» Task goal: Return, word for word, every line starting at the line with "Solana declined 3.36%" and ending at the final line of the entries; skip the pictures.
[Records to use]
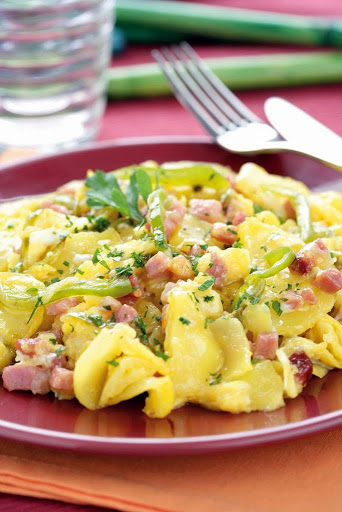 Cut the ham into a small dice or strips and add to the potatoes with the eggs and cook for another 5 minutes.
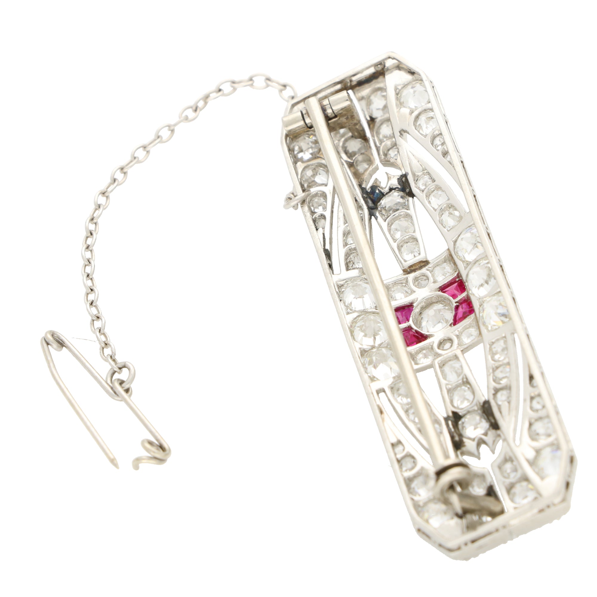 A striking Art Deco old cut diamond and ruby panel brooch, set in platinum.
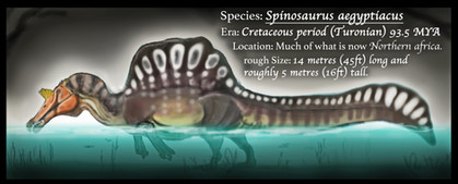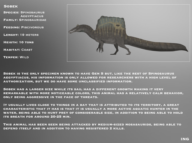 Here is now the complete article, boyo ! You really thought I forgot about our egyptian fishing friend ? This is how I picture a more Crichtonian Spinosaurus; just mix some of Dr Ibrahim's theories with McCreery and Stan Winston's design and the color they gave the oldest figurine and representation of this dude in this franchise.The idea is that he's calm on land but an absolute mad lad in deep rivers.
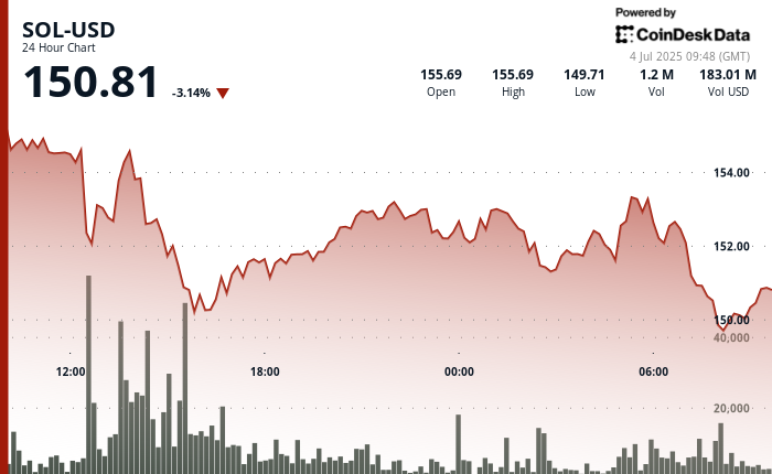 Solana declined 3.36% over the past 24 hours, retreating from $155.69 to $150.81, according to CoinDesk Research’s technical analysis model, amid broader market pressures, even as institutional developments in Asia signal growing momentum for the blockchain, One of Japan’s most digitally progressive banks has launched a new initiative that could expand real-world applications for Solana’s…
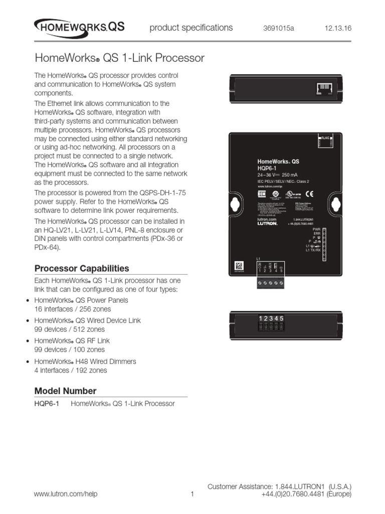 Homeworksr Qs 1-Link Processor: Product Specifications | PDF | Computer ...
[/Records to use]
» Answer to this exercise:
 Solana declined 3.36% over the past 24 hours, retreating from $155.69 to $150.81, according to CoinDesk Research’s technical analysis model, amid broader market pressures, even as institutional developments in Asia signal growing momentum for the blockchain, One of Japan’s most digitally progressive banks has launched a new initiative that could expand real-world applications for Solana’s…
 Homeworksr Qs 1-Link Processor: Product Specifications | PDF | Computer ...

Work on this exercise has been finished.